Что с вами случилось?

Голодовка, пятьдесят три дня.

Вас должен сопровождать врач… и так далее, уже слышанное.

Мне нужно слабительное.

Хорошо, дам. Когда вас кормили?

Перед этапом, восемь дней назад.

И с тех пор нигде, ничего? А оправлялись когда?

Девятого.

Она открывает свой ящичек с красным крестом, достает пакетик. Но потом вдруг смотрит на меня и прячет пакетик обратно.

Вам теперь нельзя. От слабительного вы еще больше потеряете силы.

И уходит. Дверь с грохотом закрывается и тут же с грохотом отворяется снова, в камеру входит офицер полковник, не то подполковник в сопровождении надзирателя.

Встать!

Лежу и головы не поднимаю.

Встать, кому говорю!

Я уже лежачий.

Начальник перед тобой стоит, а ты лежать будешь? Встать!

Ложитесь тоже!

Что?! Я ведь и в карцер тебя могу!

Это и он может, я показываю на надзирателя.

Офицер заходил по камере, потом снова подошел ко мне:

Ты за что попал?

Не тычьте.

На «вы» я с лучшими друзьями разговариваю, а не с преступниками!

Дурак какой!

Он подошел ближе, и мне почуялся запах водки.

Голодайте или нет, а мы отправим вас дальше с ближайшим этапом.

А в коридоре уже толпились вернувшиеся с прогулки заключенные. Их не впускали в камеру, пока офицер не вышел. «Хозяин!» услышал я от них, когда они вошли.

Просился я к нему на прием не принял, а тут сам пришел.

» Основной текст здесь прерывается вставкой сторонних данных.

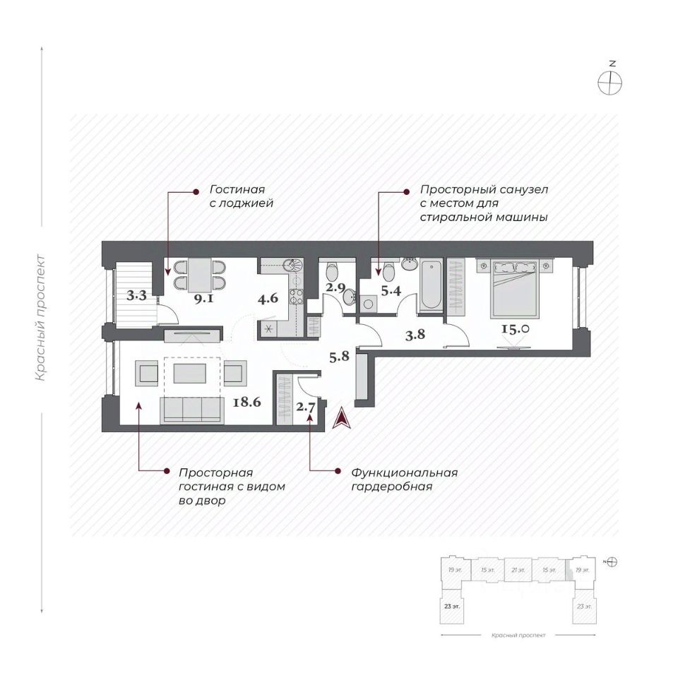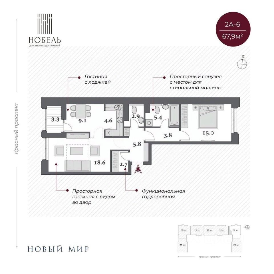 Дом сдан, приглашаем на экскурсию! "Нобель" на Красном проспекте в 2025 году стал победителем в номинации Жилая недвижимость. Бизнес-класс. Регионы (Urban Awards 2025), в 2024 признан Самым инвестиционно-привлекательным проектом УФО+СФО+ДФО (Urban Awards 2024). Дом "Нобель" в Новосибирске спроектирован компанией "Новый мир" совместно с международной командой архитекторов из Великобритании, Италии и Сербии. Уникальность проекта, в том, что при строительстве здания в центральной локации города удалось сохранить более 200 деревьев ценных хвойных пород на территории комплекса. При этом в продукте было сформировано более 50 вариантов функциональных планировочных решений. И все это в великолепной архитектурной форме в стиле ар-деко. Общая площадь территории 2 гектара! Именно это позволило специалистам компании "Новый мир" спроектировать уникальный двор-парк с фонтаном и колоннадой. Архитектура Один из принципов нашей компании: сохранять все лучшее в каждой локации. Архитектурное окружение дома "Нобель" представлено сталинской неоклассикой, именно поэтому специалисты компании "Новый мир" выбрали стиль ар-деко, который называют наследником неоклассицизма и модернизма. "Нобель" — это архитектура, устремленная вверх. 5 башен с величественными шпилями, благородный фасад из натурального гранита, увеличенная площадь остекления с применением архитектурного стекла. И — чего не встретишь в других проектах, — роскошная гранитная прогулочная колоннада — второй уровень благоустройства. Двор Ландшафтный дизайн стилистически продолжает архитектурный замысел ар-деко: строгая закономерность, смелые линии, геометрические узоры, отсутствие ярких оттенков. Пространство двора-парка разделено на две части. Они отделены друг от друга колоннадой, по которой можно прогуливаться на высоте 10 метров и любоваться Красным проспектом. Зоны отдыха, игровые площадки, беседки соединены дорожками и создают один из узнаваемых узоров европейского стиля. Хвойные гиганты и фонтан добавляют особый шик. Холлы Семь парадных холлов дома "Нобель" облицованы широкоформатным итальянским керамогранитом. Мягкий свет, парящие потолки, дизайнерские люстры, бесшумные скоростные лифты, — каждый элемент создает атмосферу дорогого уюта и респектабельности. В доме предусмотрен консьерж-сервис для удобства жителей и гостей. Отделка White Box Квартиры дома Нобель сдаются в предчистовой отделке white box. Она сделана с той же тщательностью и вниманием к малейшим деталям, как и все другие работы по проекту. Квартиры полностью готовы к чистовой отделке.

Целый день я лежал на койке, никто меня не дергал, не тревожил. После отбоя перебрался на свой щит. Боль в животе совсем утихла, озноб стал меньше, только сердце продолжало ныть.

С заявлением покончено. От врача мне тоже ничего не нужно. Самому непонятно, зачем я рыпался, чего добивался. Лежу, не поднимаюсь, мне покойно и ничего больше не надо. Давно бы так не встану, хоть убейте.

Теперь я стал думать.

Так, меня отправили из Калуги общим этапом за четыре тысячи километров. Отправили голодающего, после полутора месяцев голодовки, и не только без сопровождения, которое, оказывается, полагается в таких случаях, но даже не сделав в сопроводиловке пометки о голодовке. Вряд ли калужская тюремная администрация и врач взяли на себя такую ответственность сами, без чьего-то указания того, кто за кулисами распоряжается моей судьбой.

На что же был расчет? Что я умру в пути? Или сниму голодовку? Но в условиях этапа и это не гарантирует меня от гибели. Сообщат жене о смерти, вписав любую причину, для себя же решив: сам себя угробил, туда и дорога, «собаке собачья смерть». И никто не только не понесет никакой ответственности, но даже не почувствует вины.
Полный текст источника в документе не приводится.